» What the task asks: Produce an exact transcription of the data, with the images left out.
★ ★ ★ ★ ★
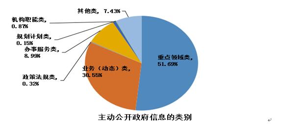 (二)主要类别。我市依托“中国·大连”“政府信息公开专栏”“公共企事业单位办事公开专栏”及各地区、各部门门户网站主动公开政府信息的主要类别包括:重点领域类信息96950条,占51.69%;业务(动态)类57288条,占30.55%;办事服务类信息16863条,占8.99%;机构职能类1637条,占0.87%;政策法规类607条,占0.32%;规划计划类277条,占0.15%;其他类13931条,占7.43%。
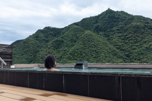 屋上露天風呂からは、長良川や金華山の景色が一望できます。ふかわさんもその絶景に感激。露天風呂に浸かりながら、ゆったりと雄大な眺めを堪能していました。
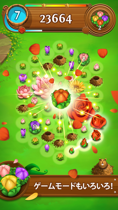 基本ルールは、花畑にある、同じ色のつぼみを3つ以上繋げるだけという非常にシンプルなもの。ですが、それだけで、次々に花が満開になっていき、まるで花火のスターマインのような気持ちよさがあります。
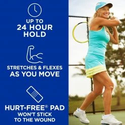 These Band-Aid Brand Flexible Fabric adhesive bandages stay on for up to 24 hours and feature a unique Hurt-Free Pad that won’t stick to the wound as they wick away blood and fluids, allowing for gentle, pain-free removal
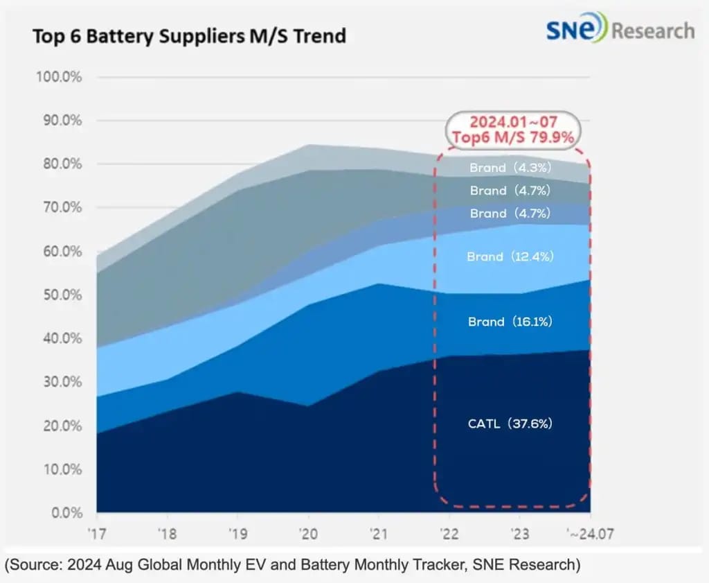 CATL’s market dominance is evident, holding a 37.8% share of the global EV battery market in the first half of 2024.
★ ★ ★ ★ ★
» Answer for this exercise:
 (二)主要类别。我市依托“中国·大连”“政府信息公开专栏”“公共企事业单位办事公开专栏”及各地区、各部门门户网站主动公开政府信息的主要类别包括:重点领域类信息96950条,占51.69%;业务(动态)类57288条,占30.55%;办事服务类信息16863条,占8.99%;机构职能类1637条,占0.87%;政策法规类607条,占0.32%;规划计划类277条,占0.15%;其他类13931条,占7.43%。
 屋上露天風呂からは、長良川や金華山の景色が一望できます。ふかわさんもその絶景に感激。露天風呂に浸かりながら、ゆったりと雄大な眺めを堪能していました。
 基本ルールは、花畑にある、同じ色のつぼみを3つ以上繋げるだけという非常にシンプルなもの。ですが、それだけで、次々に花が満開になっていき、まるで花火のスターマインのような気持ちよさがあります。
 These Band-Aid Brand Flexible Fabric adhesive bandages stay on for up to 24 hours and feature a unique Hurt-Free Pad that won’t stick to the wound as they wick away blood and fluids, allowing for gentle, pain-free removal
 CATL’s market dominance is evident, holding a 37.8% share of the global EV battery market in the first half of 2024.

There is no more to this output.